Кутчера схватил в руки небольшую книжку и начал листать, отыскивая какое-то место.
— Это книжка Канта. Я его неплохо знаю. И эта книжка — моя постоянная спутница.
— Я тоже немного знаком с Кантом, — заметил я. — Сейчас вы, наверное, ищете место, где Кант пишет о нравах и обычаях.
— Да, да, именно это место я и ищу. Сейчас мы посмотрим, что говорит старый философ по этому поводу. — Профессор перевернул еще одну страницу и начал читать, водя пальцем по строчкам. — По Канту выходит, что я, как человек, должен действовать, неся ответственность за свои действия, так чтобы мои действия отвечали действиям всех других людей. Но все те, кто поставил нас в положение убийц и гонит на верную гибель, действуют против этого завета.
— Значит, бесчеловечно приказывать идти на верную гибель не ради высокой цели? А кто несет за это ответственность? А что делаем мы? Мы вот рассуждаем об этом, а сами маршируем дальше.
— Да, мы и сами не безгрешны, — заметил профессор. — Я вот пошел служить в вермахт, хотя имел много претензий к режиму. Пять лет назад я ни за что бы не поверил в возможность того, что мы сейчас видим и переживаем. Да, я не был последователен. Гитлер — как хамелеон, да и в те времена его личность чем-то привлекала меня. Сейчас я уже точно знаю, что Гитлер — олицетворение преступления.
— Возможно, он не знает о нашем положении, — попытался возразить я профессору. — Но Паулюс-то и наши генералы прекрасно это знают.
— И Гитлер, и все Верховное командование вермахта точно информированы о нашем положении. Они ведь главные виновники случившегося. Это не меняет ничего, даже если командующий 6-й армией со своей стороны тоже виновен в отдаче бессмысленных приказов.

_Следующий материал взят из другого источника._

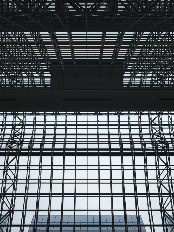 A look up to the dramatic rooftop of the Kyoto main station. August 2015.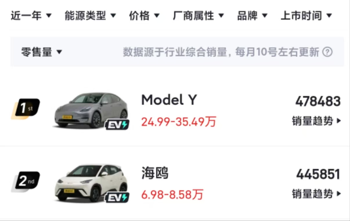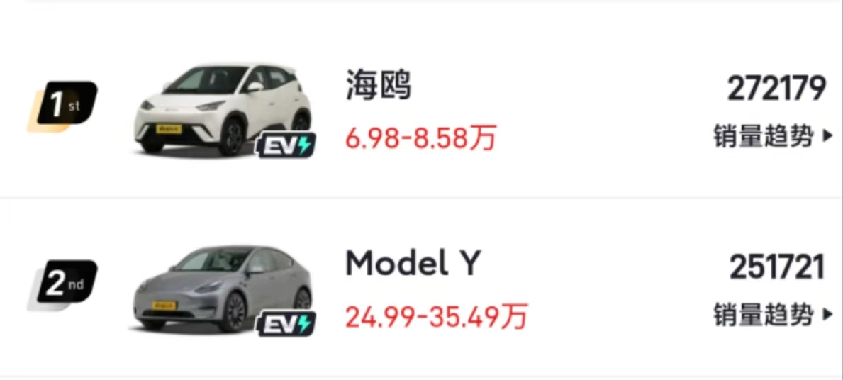 近半年時間內,海鷗和特斯拉Model Y的較量一直沒停過,下半年海鷗的銷量雖然比特斯拉高,但兩個車型幾乎都在2.6萬輛上下浮動

— Это ужасно. Но вы правы, — сказал я. — Незадолго перед Новым годом мы в Городище дали приют одному майору. Он пробирался в западный район котла, но был застигнут бураном. Он рассказал нам о старом Блюхере. Когда в его войсках в 1807 году кончились хлеб и порох, он капитулировал перед французами и сдался в плен. Ни один историк никогда не упрекнул его за это. И ведь его корпус не находился так долго в таком положении, как наша армия. Непонятно, почему Паулюс не сделает такого же шага?
— Паулюс — не Блюхер и не Зейдлиц, — твердо сказал подполковник.
— Вы имеете в виду командира нашего корпуса? — спросил я.
— Да, Вальтера фон Зейдлица. Еще в начале нашего окружения он написал Паулюсу письмо, в котором советовал в случае необходимости действовать самостоятельно, вопреки требованиям Гитлера, хотя тогда еще все надеялись прорваться. В прошлом году я видел Зейдлица в котле под Демянском. Благодаря его мужеству и энергии окруженные пробились к своим. Но там в окружение попали лишь сто тысяч, а не двести пятьдесят тысяч, как у нас. И главный фронт находился в нескольких десятках километров, а не в нескольких сотнях километров, как у нас. Начиная с января, свобода действий для нашей приговоренной к смерти армии — не в попытке прорваться, а в необходимости принять капитуляцию.
Капитуляция.
Плен.
Другого выхода для нас не было.
Прежде чем прийти к этой мысли, я много и мучительно передумал.
— Вы считаете, что, сдавшись в плен, мы сможем надеяться когда-нибудь увидеть своих близких? — спросил я профессора.
— По этому поводу я мало что могу сказать определенное. Каждый должен решать по-своему. Как врач, я знаю, что через три недели все мы перемрем, если не будем получать хотя бы минимальный паек. Понимая это, я требую принять капитуляцию.
— Извините, господин подполковник. Задавая свой вопрос, я думал не о капитуляции, а о плене.
— А вы, я вижу, упрямы. Чтобы вы меня поняли, расскажу вам кое-что из своей жизни. В течение десяти лет после 1933 года я столько пережил, что стал смотреть на жизнь скептически. Это даже немного пугало меня, так как я понимал, что такое отношение принесет мне еще больше разочарований. Вряд ли мы можем надеяться, что русские примут нас по-дружески. Мы, немцы, слишком виноваты перед русским народом. И большую долю этой вины придется искупать военнопленным. Что касается лично меня, я сомневаюсь, что жизнь за колючей проволокой будет чего-то стоить.